**GIVEN DATA:**
== Segment start ==
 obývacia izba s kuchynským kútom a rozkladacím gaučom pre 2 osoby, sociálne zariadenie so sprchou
== Segment end ==
== Segment start ==
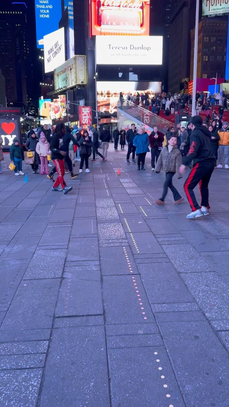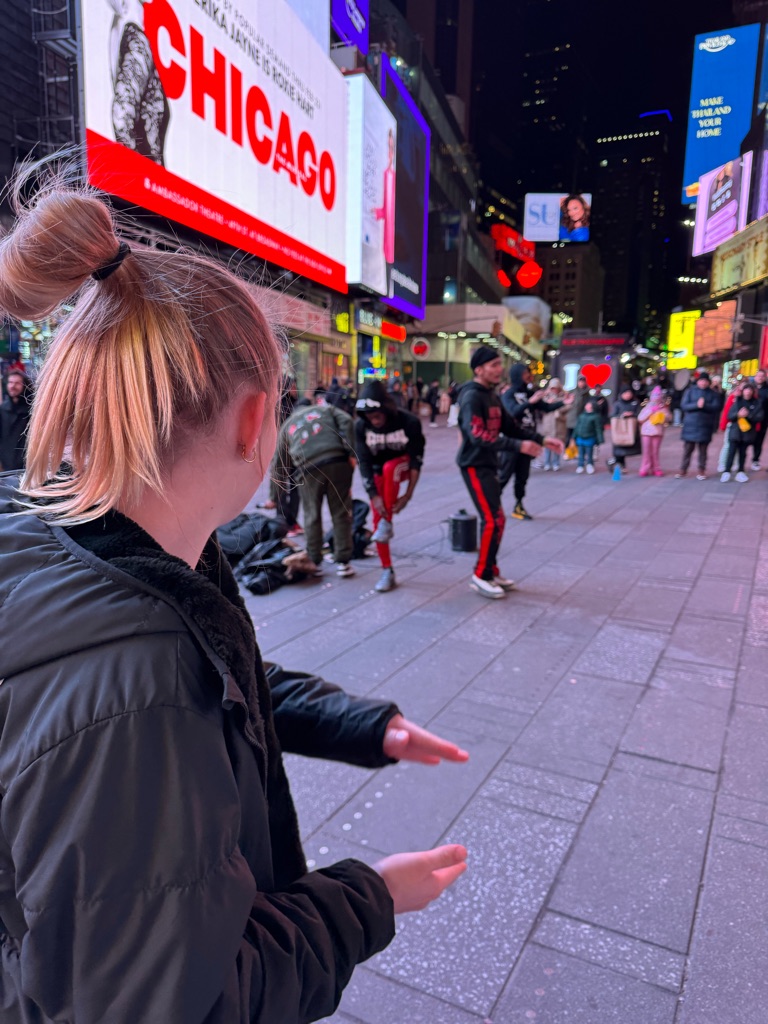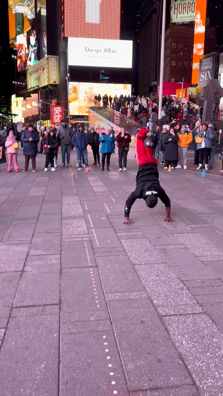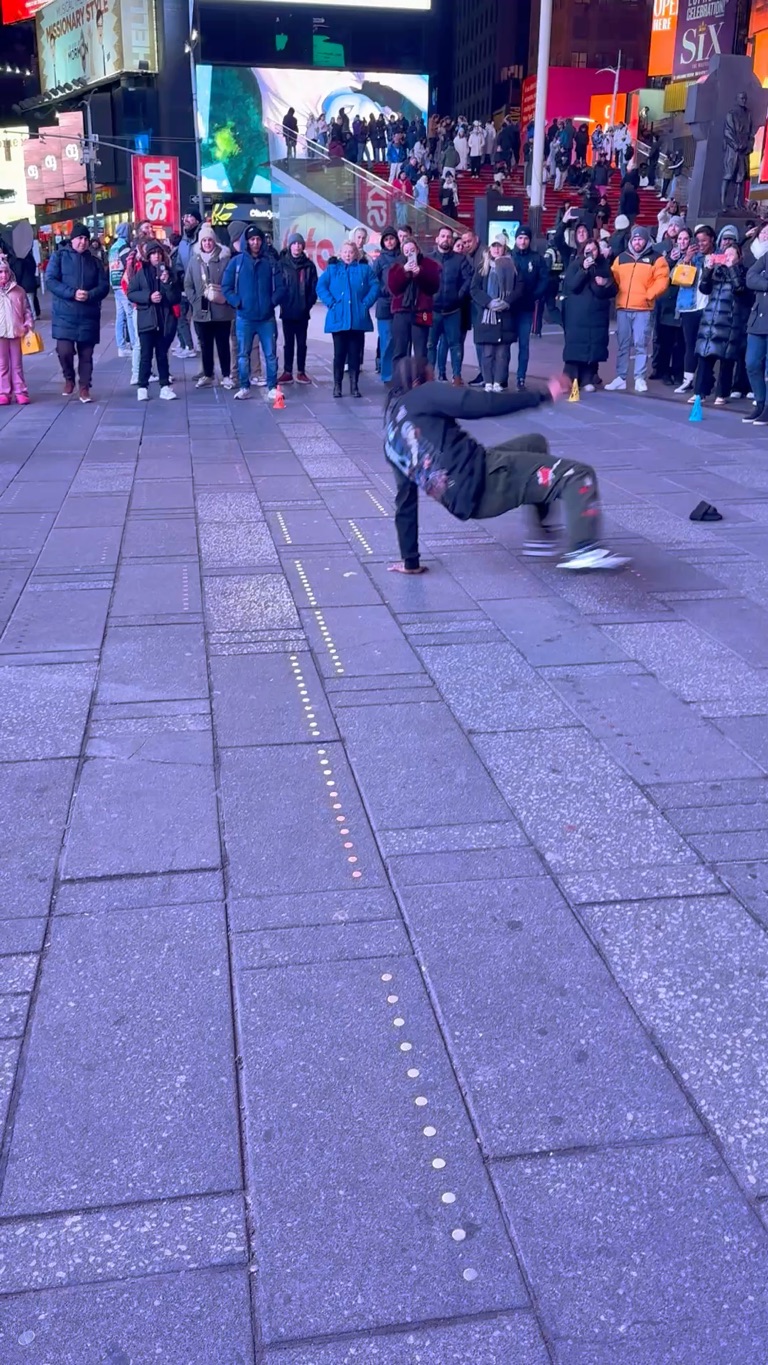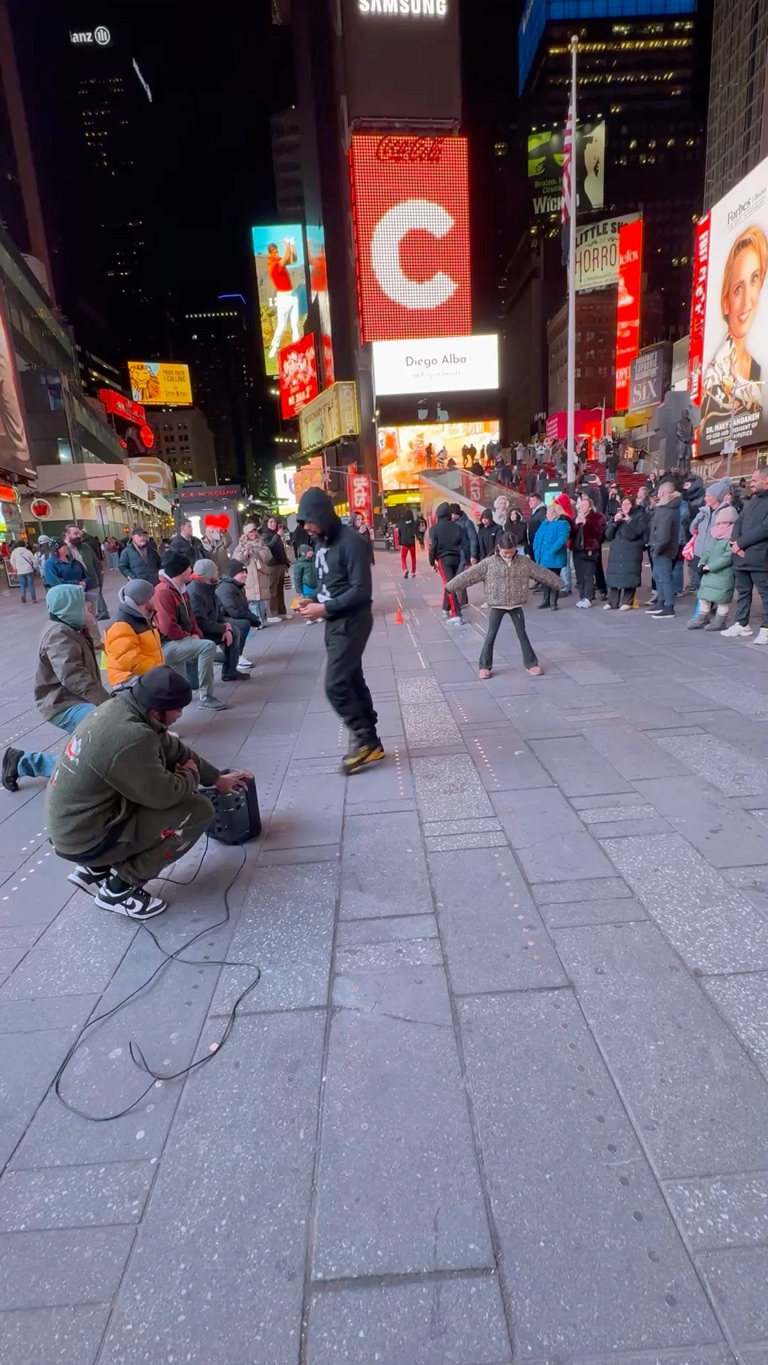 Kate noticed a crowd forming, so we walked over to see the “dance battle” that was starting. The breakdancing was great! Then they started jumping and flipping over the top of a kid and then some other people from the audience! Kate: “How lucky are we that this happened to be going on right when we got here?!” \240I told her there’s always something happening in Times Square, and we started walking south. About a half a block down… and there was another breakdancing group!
== Segment end ==
== Segment start ==
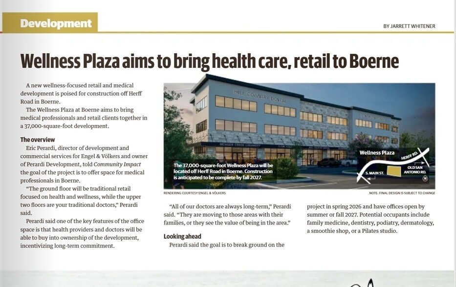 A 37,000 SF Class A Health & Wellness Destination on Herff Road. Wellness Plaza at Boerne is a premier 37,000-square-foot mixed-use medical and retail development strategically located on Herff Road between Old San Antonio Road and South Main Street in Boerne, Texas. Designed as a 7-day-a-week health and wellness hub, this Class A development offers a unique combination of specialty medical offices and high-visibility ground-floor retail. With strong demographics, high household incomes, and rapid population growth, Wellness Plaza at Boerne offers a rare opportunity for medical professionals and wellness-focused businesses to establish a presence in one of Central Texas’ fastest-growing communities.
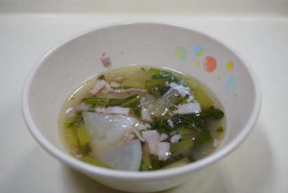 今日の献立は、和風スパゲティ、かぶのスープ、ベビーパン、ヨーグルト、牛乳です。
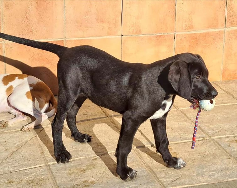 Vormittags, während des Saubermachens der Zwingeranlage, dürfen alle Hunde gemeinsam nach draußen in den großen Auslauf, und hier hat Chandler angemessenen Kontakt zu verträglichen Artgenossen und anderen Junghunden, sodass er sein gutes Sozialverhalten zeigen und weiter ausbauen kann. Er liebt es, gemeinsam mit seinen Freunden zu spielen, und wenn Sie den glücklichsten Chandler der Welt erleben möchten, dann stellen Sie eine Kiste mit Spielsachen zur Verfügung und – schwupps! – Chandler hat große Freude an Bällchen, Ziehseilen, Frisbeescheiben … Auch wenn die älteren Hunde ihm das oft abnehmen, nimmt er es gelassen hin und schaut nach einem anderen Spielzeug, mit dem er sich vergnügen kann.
== Segment end ==
**WHAT IS EXPECTED:** Above, find the line with "A 37,000 SF"; copy it and every line down to the line with "今日の献立は、和風スパゲティ、かぶのスープ、ベビーパン、ヨーグルト、牛乳です。", exactly and both included, but no pictures.

**COMPLETED TASK:**
 A 37,000 SF Class A Health & Wellness Destination on Herff Road. Wellness Plaza at Boerne is a premier 37,000-square-foot mixed-use medical and retail development strategically located on Herff Road between Old San Antonio Road and South Main Street in Boerne, Texas. Designed as a 7-day-a-week health and wellness hub, this Class A development offers a unique combination of specialty medical offices and high-visibility ground-floor retail. With strong demographics, high household incomes, and rapid population growth, Wellness Plaza at Boerne offers a rare opportunity for medical professionals and wellness-focused businesses to establish a presence in one of Central Texas’ fastest-growing communities.
 今日の献立は、和風スパゲティ、かぶのスープ、ベビーパン、ヨーグルト、牛乳です。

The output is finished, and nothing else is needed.